Separating Wheat from Chaff
17 February 2014
An IMDEA Networks pre-doctorate researcher, Andra Lutu, has co-authored an article to be published at IEEE INFOCOM 2014 (33rd Annual IEEE International Conference on Computer Communications), a key conference in computer networking research.
The work, Separating Wheat from Chaff: Winnowing Unintended Prefixes using Machine Learning, focuses on a compelling operational issue in Internet inter-domain routing, namely that the visibility, and the ensuing reachability, of a network address block as yielded by the Border Gateway Protocol (BGP) might not match the expectations of the Internet Service Provider (ISP) originating that prefix. In particular, the ISP's intention could be for a prefix to be globally visible, yet, due to misconfiguration, policy disputes, and other BGP-related operational issues, the prefix might end up as a Limited Visibility Prefix (LVP), thus visible and even reachable from only a portion of the Internet. Detecting and correcting such issues is extremely difficult and this is exactly the ambitious task this publication sets out to solve.

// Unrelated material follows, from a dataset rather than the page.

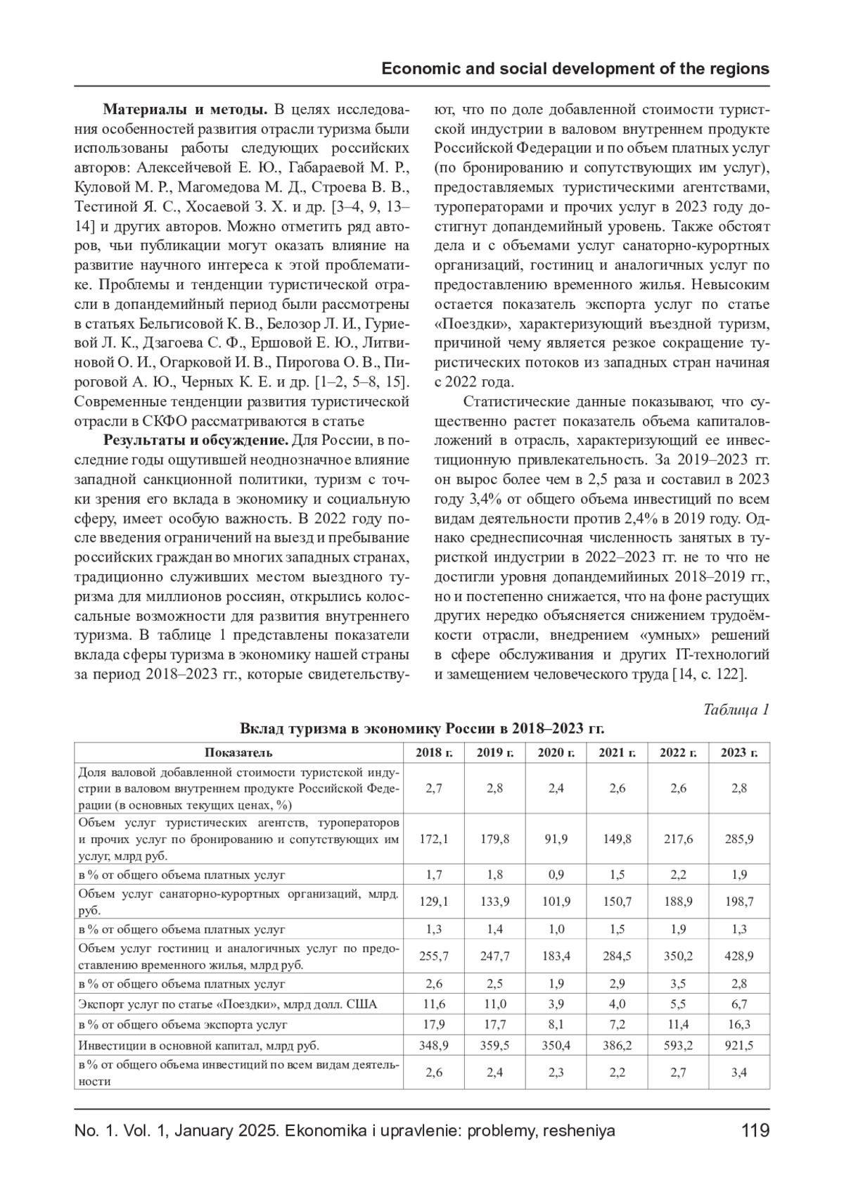 Целью исследования является анализ особенностей современного развития туристской отрасли в России и регионах Северного Кавказ. Задачами исследования являются определение тенденций развития туризма в России, обоснование их влияния на потребительские предпочтения российских туристов, на характер поведения государства, туристических компаний на рынке соответствующих услуг. При проведении исследования были использованы методы статистического и научного анализа, наблюдения, сравнения, предположения. На основе данных Росстата анализируется вклад сферы туризма в экономику Российской Федерации, проведен анализ основных показателей развития отрасли туризма за 2018-2023 гг. и первую половину 2024 года; выявлены причины и факторы, обусловившие непредвиденные прежде изменения, обоснована их важность для России и регионов, ощущающих влияние западных санкций во многих сферах. Анализируются такие показатели туристической сферы, как численность лиц, размещенных в коллективных средствах размещения и в санаторно-курортных организациях, число въездных и выездных туристских поездок, пассажирооборот, причинами значительного роста которых в 2024 году авторами называются рост потребительского спроса и соответствующий ему рост предложения. На материалах региональной статистики Северо-Кавказского федерального округа проведен сравнительный анализ таких важнейших показателей развития отрасли, как число поездок и количество ночевок, приведены факторы, способствующие перераспределению туристских потоков между регионами Северо-Кавказского федерального округа. Авторами выявлены две важные макрорегиональные тенденции: более равномерное сезонное распределение туристических потоков и рост популярности альтернативных видов туризма. Результаты исследования могут послужить основой для более детального и обоснованного прогнозирования развития отрасли в ближайшей перспективе.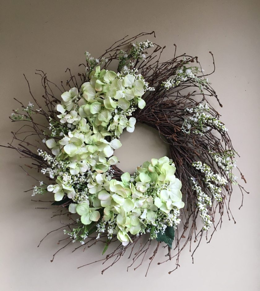 I purchased this birch stick wreath from Joann Fabrics. I can’t decide how I feel about it. It’s hanging on the back patio door, which hopefully, my dad will help me replace at some point this year. The wreath has too much of the same green hydrangea, but again, I just used what was in the bin. I did have some white roses and white peonies but they didn’t look right. I think some white wisterias, lilacs, mums, geranium bushes, or any white clump of small flowers would break up all those green petals. Maybe eventually, I will wander over to Hobby Lobby and pick something up and add it to the wreath.

The authors have built a novel tool, the BGP Visibility Scanner, which they have made freely available to the Internet community. In turn, the machine-learning algorithmic solution also proposed in this study for detecting unintended LVPs, relies on direct feedback from network operators who have already used our BGP Visibility Scanner in order to resolve real issues arising in the everyday practice of the Internet.

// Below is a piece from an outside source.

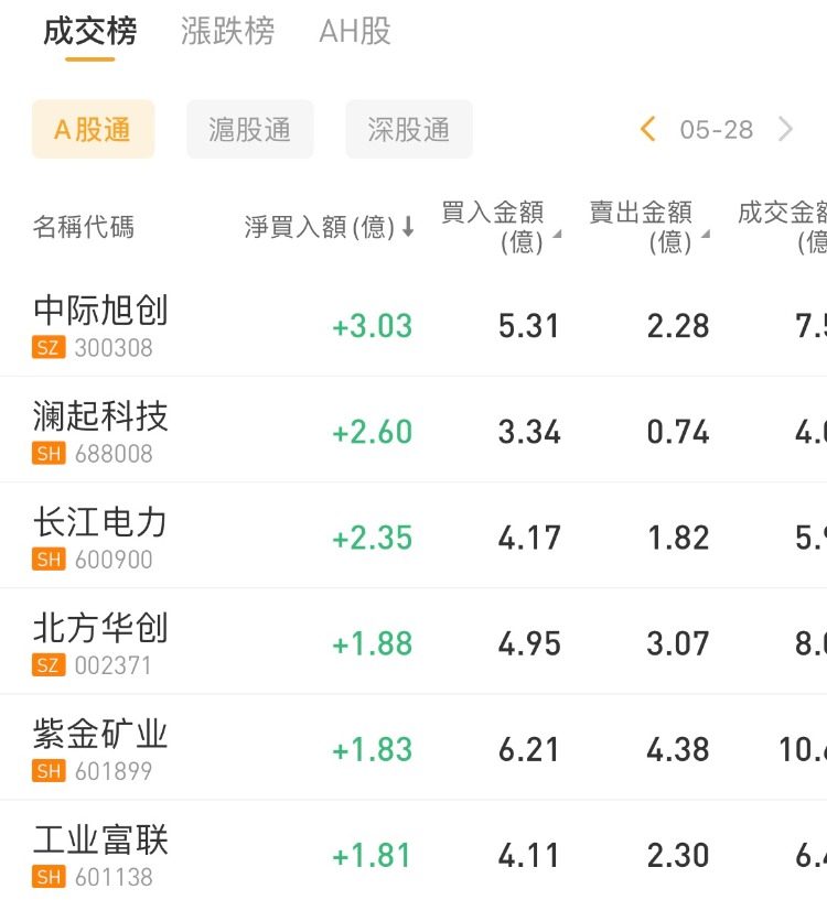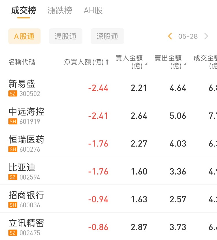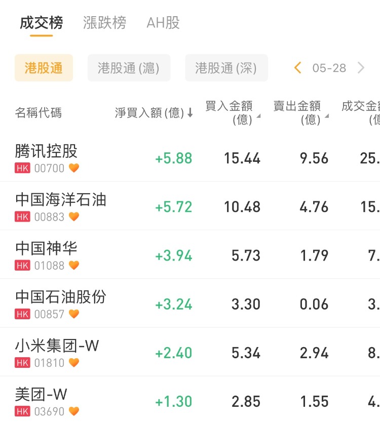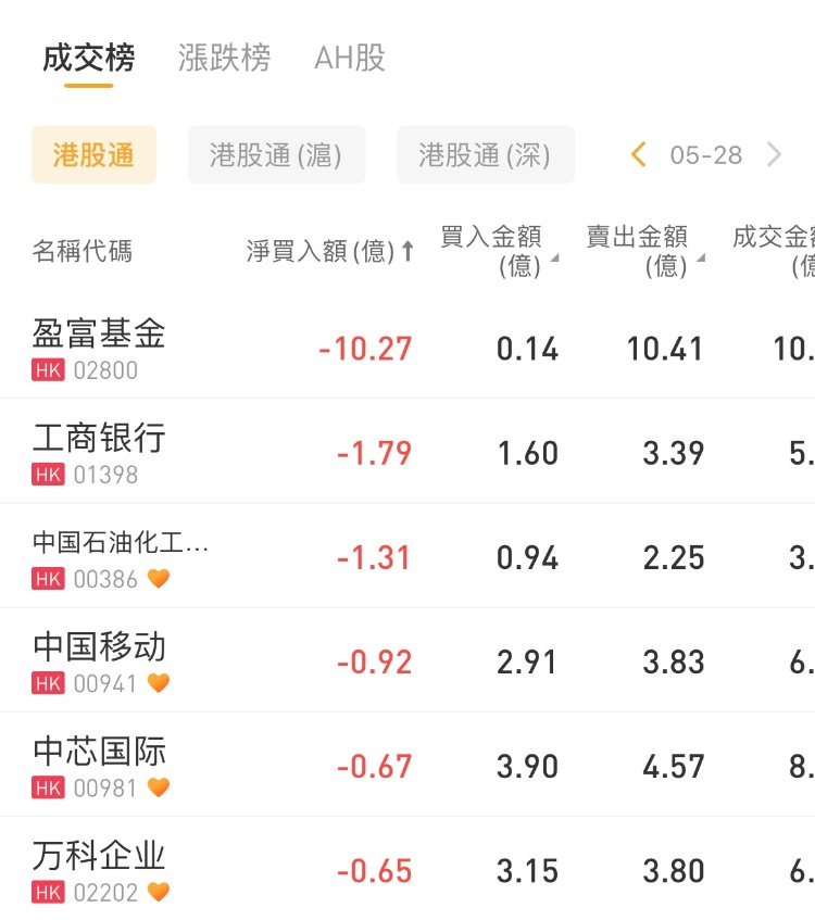 其中,南向资金净买入腾讯控股5.88亿港元、中国海洋石油5.72亿港元、中国神华3.94亿港元;净卖出盈富基金10.27亿港元、抛售工商银行1.79亿港元。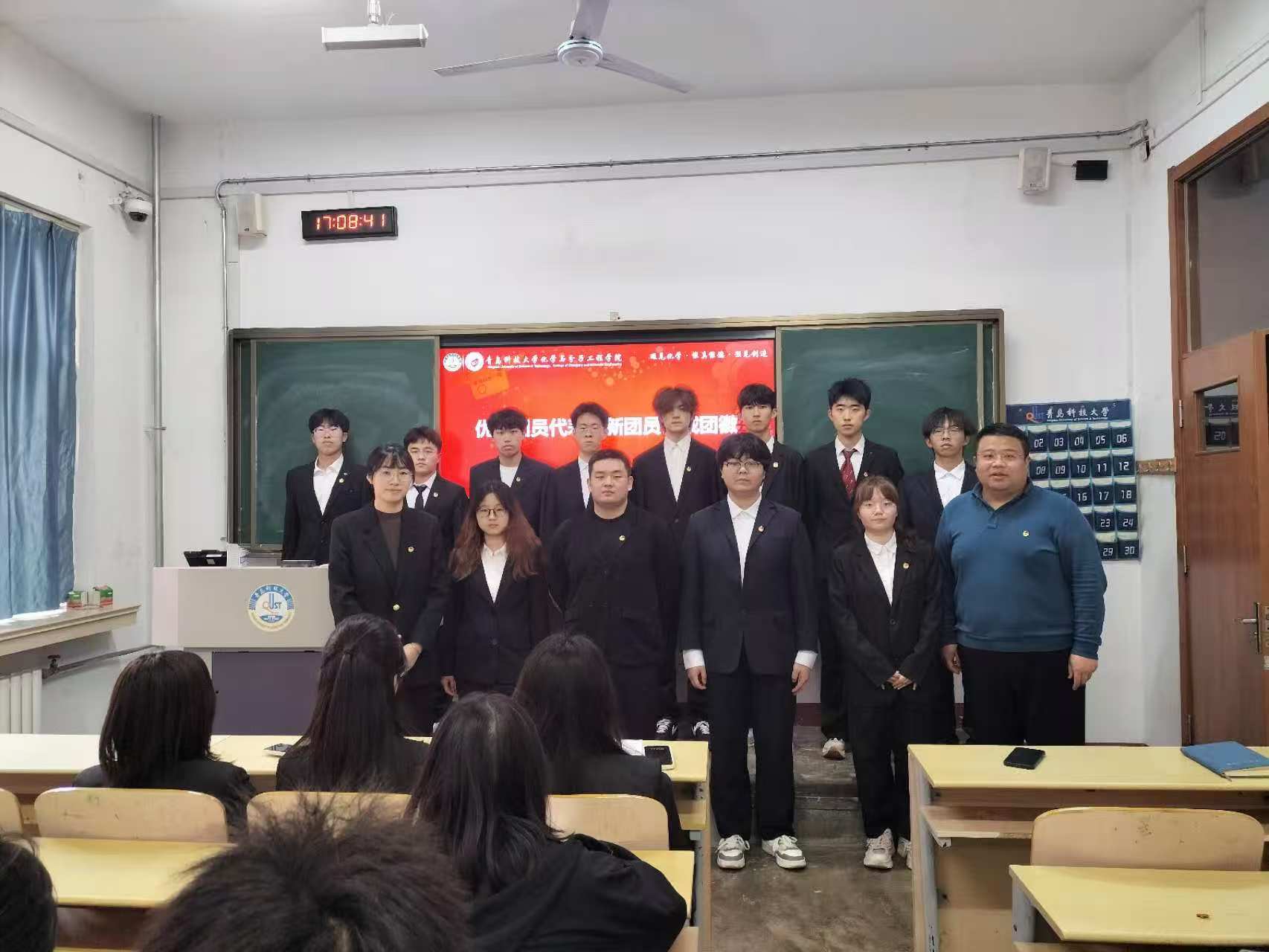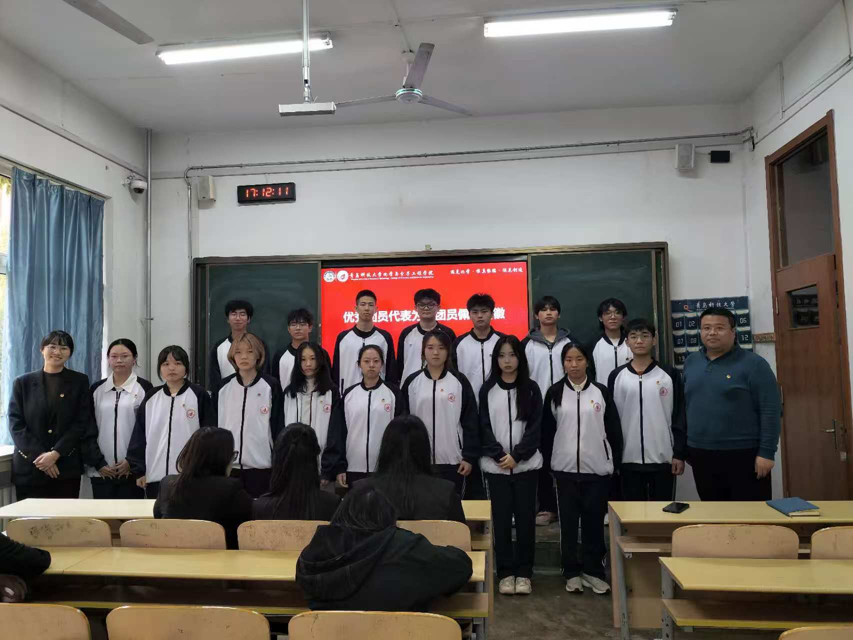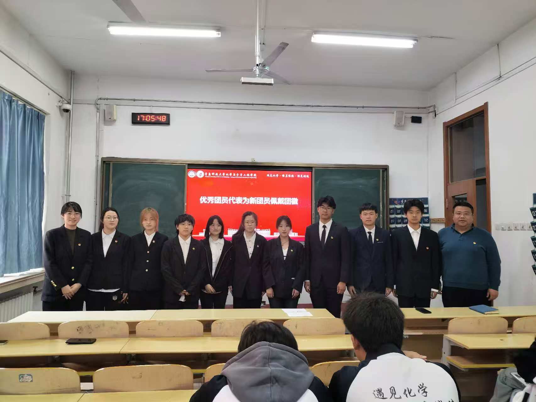 随后,陶亚亚介绍入团流程并宣读新发展团员名单,陶亚亚、信连涛、赵恩琦、张悦琳为新发展团员佩戴团徽,赵恩琦带领全体团员进行入团宣誓。郑默涵作为新发展团员代表发言,她表示,未来将以‘功成不必在我,功成必定有我’的担当,在课堂求知、在实践中成长,做有理想、敢担当、能吃苦、肯奋斗的新时代好青年。

This scientific advance is the result of collaborative work by Andra Lutu, PhD Student at IMDEA Networks Institute and University Carlos III of Madrid (UC3M), Marcelo Bagnulo and Jesús Cid-Sueiro, both from UC3M, and Olaf Maennel, affiliated to Loughborough University, UK. INFOCOM 2014 will meet in Toronto, Canada from April 27th to May 2nd, 2014.
In this paper, we propose the use of prefix visibility at the interdomain level as an early symptom of anomalous events in the Internet. We focus on detecting anomalies which, despite their significant impact on the routing system, remain concealed from state of the art tools. We design a machine learning system to winnow the prefixes with unintended limited visibility – symptomatic of anomalous events – from the prefixes with intended limited visibility – resulting from legitimate routing operations. We train a winnowing algorithm with ground-truth data on 20,000 operational limited visibility prefixes (LVPs) already classified by the operators of the origin networks. The ground-truth was collected using the BGP Visibility Scanner, a tool we developed to provide operators with a multi-angle view on the efficacy of their routing policies. We build a dataset with the pre-classified prefixes and the features describing their visibility status dynamics. We further use this dataset to derive a boosted decision tree which winnows unintended LVPs with an accuracy of 95%.